Lips quivering with the weight of helpless anger.
Eyes fighting that daily fight – against tears.
“Why? What wrong did we do?”
“We are people too. We have the same rights as you.”
An electric train pulls in and out unnoticed.
All of Nungambakkam railway station is here.
Shouting, watching, discussing, whispering.
“Don’t sit here, ma. Move to that bench there.”
“They are bad people. Dangerous.”
I look up to a man in a lungi worn thigh-high.
Speaking to me with an urgency..
An urgency that doesn’t suit my beloved Chennai’s Tamizh.

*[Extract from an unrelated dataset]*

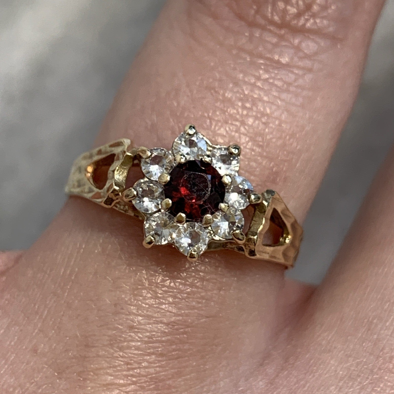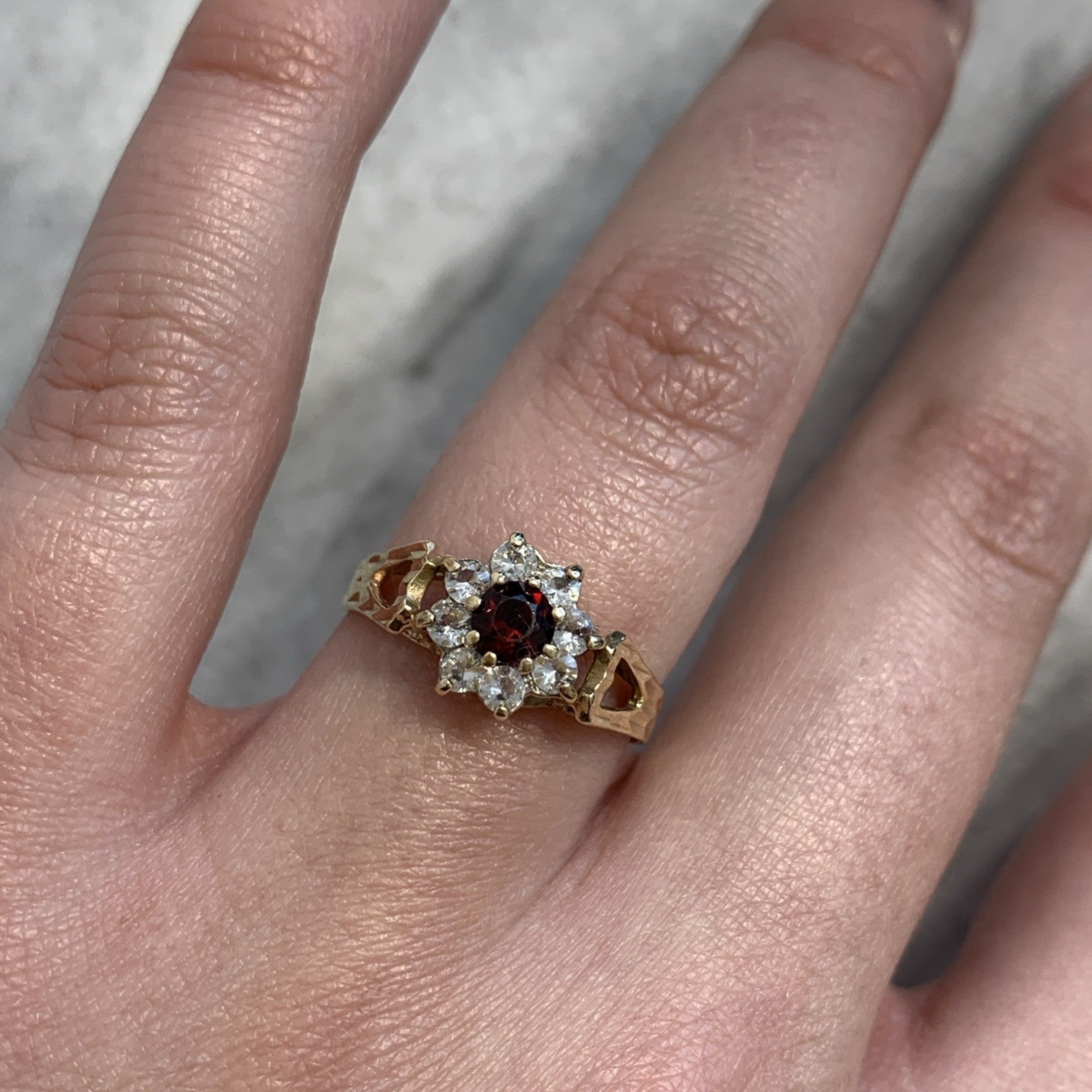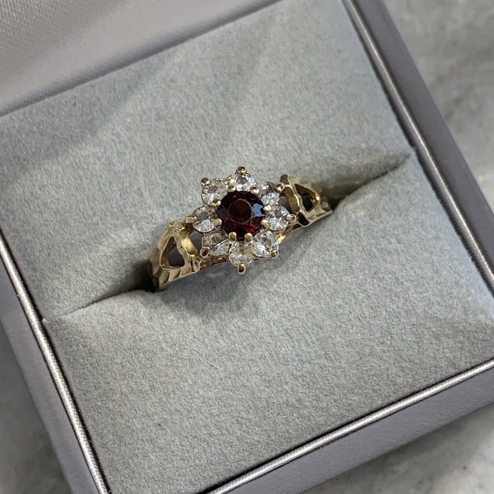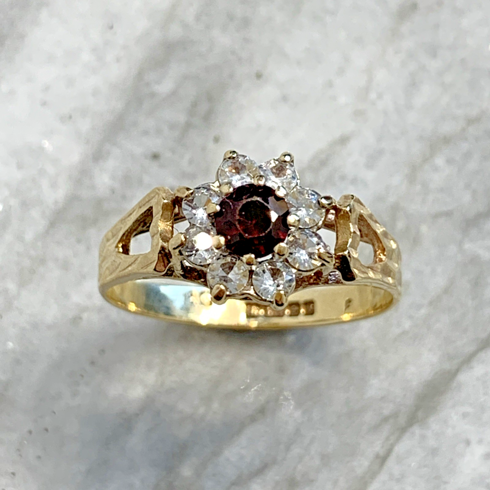 - A charming gold ring featuring a daisy flower style cluster of garnet and cubic zirconia.

The two transgender beauties get up to leave.
One crying humiliated tears.
The other cursing at the crowd.
Both leading each other away to safety.
Their swaying backs disappear at the far end of the platform.
The satisfied crowd disperses to wait for their trains.
The lungi man is back to manning his shop.
Nungambakkam station is back to its busy self.
I am back to sitting alone watching people and trains.
A tad confused and dazed. What just happened?
My friend comes running down the stairs.
We hug and laugh.
We start talking – fast, together.
I dust myself off.
The past five minutes promptly forgotten..
Forgotten for now.
It has been more than a year..
But the scene keeps playing in my head.
Did I move from that bench?
May be I did.
I don’t remember.
Sometimes, you don’t remember what happened.
Sometimes, you remember what nobody else remembers..
Sometimes, you remember what did not happen..
What you did not do.
What you did not say.
I did not speak up.
I did not refuse to move.
I did not stand up for them.
I did not stand up for what I believed.
In any way!
I felt guilt.
Guilt that I remember most vividly.
Does not feel good.. at all!
A feeling that would remind me for life..
To stand up for what I believe.
To never stay a mute spectator to injustice.
For my own sake.
Ouch.. Silence stings!
Silence better lost – for good.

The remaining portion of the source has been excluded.